- The records

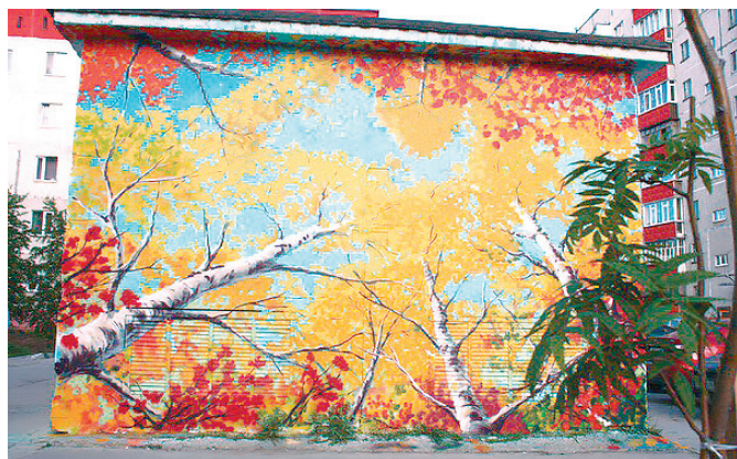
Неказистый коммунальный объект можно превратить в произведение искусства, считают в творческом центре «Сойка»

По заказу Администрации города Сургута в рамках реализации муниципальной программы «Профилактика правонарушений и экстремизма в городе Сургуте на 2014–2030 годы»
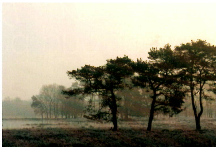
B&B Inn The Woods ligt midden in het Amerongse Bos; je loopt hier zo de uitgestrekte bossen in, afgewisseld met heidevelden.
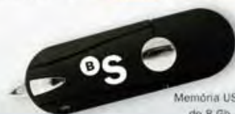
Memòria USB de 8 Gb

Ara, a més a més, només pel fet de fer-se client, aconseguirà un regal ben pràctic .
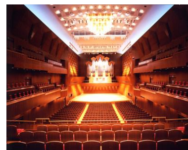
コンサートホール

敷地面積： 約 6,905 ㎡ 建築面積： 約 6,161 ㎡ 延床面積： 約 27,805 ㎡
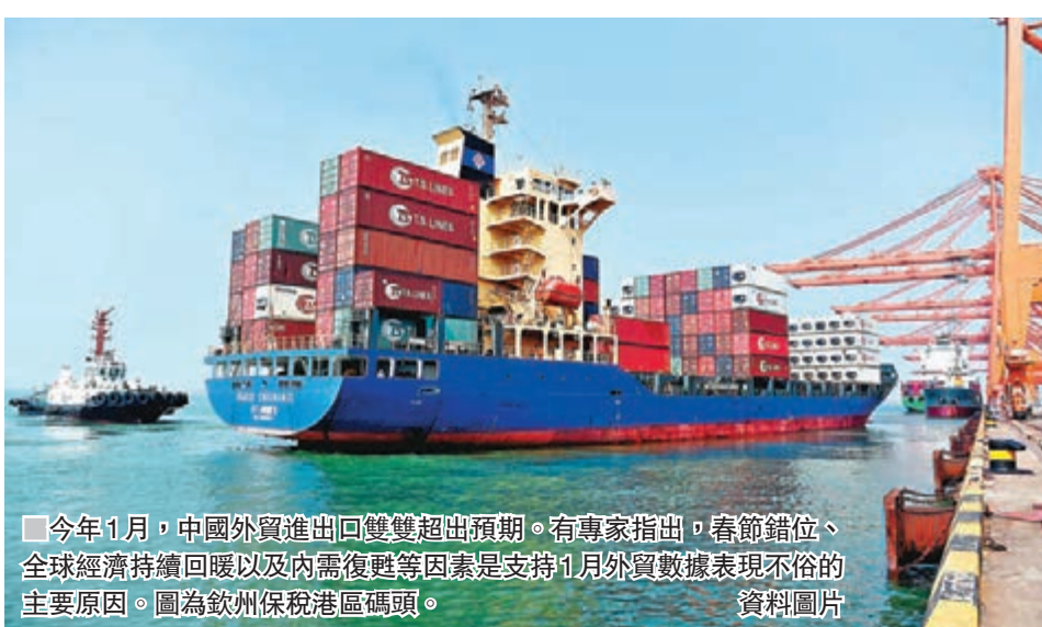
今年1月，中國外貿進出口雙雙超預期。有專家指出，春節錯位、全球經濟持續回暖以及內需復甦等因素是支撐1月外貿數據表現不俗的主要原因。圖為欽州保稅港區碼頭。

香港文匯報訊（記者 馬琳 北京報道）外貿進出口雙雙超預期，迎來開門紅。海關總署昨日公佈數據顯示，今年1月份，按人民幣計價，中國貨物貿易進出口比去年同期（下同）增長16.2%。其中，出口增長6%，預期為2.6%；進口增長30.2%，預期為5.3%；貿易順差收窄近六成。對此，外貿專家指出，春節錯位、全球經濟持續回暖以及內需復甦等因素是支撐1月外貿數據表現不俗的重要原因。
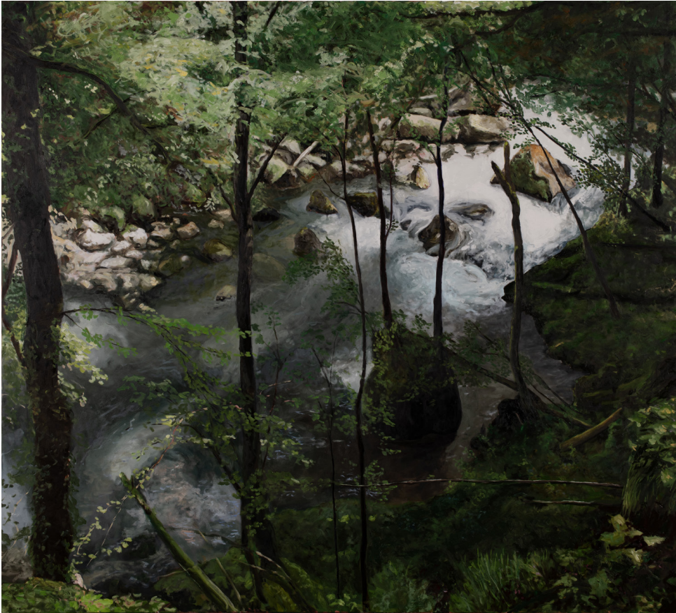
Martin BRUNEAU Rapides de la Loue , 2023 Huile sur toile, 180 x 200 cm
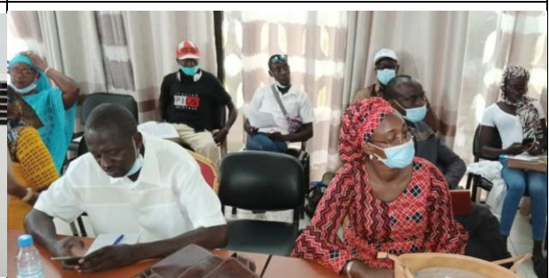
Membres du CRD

- Work order
Beginning at the line above that contains "Memòria USB de 8 Gb", repeat each line exactly through the one that contains "今年1月，中國外貿進出口雙雙", and leave out the pictures.

- Solution to the problem
Memòria USB de 8 Gb

Ara, a més a més, només pel fet de fer-se client, aconseguirà un regal ben pràctic .
コンサートホール

敷地面積： 約 6,905 ㎡ 建築面積： 約 6,161 ㎡ 延床面積： 約 27,805 ㎡
今年1月，中國外貿進出口雙雙超預期。有專家指出，春節錯位、全球經濟持續回暖以及內需復甦等因素是支撐1月外貿數據表現不俗的主要原因。圖為欽州保稅港區碼頭。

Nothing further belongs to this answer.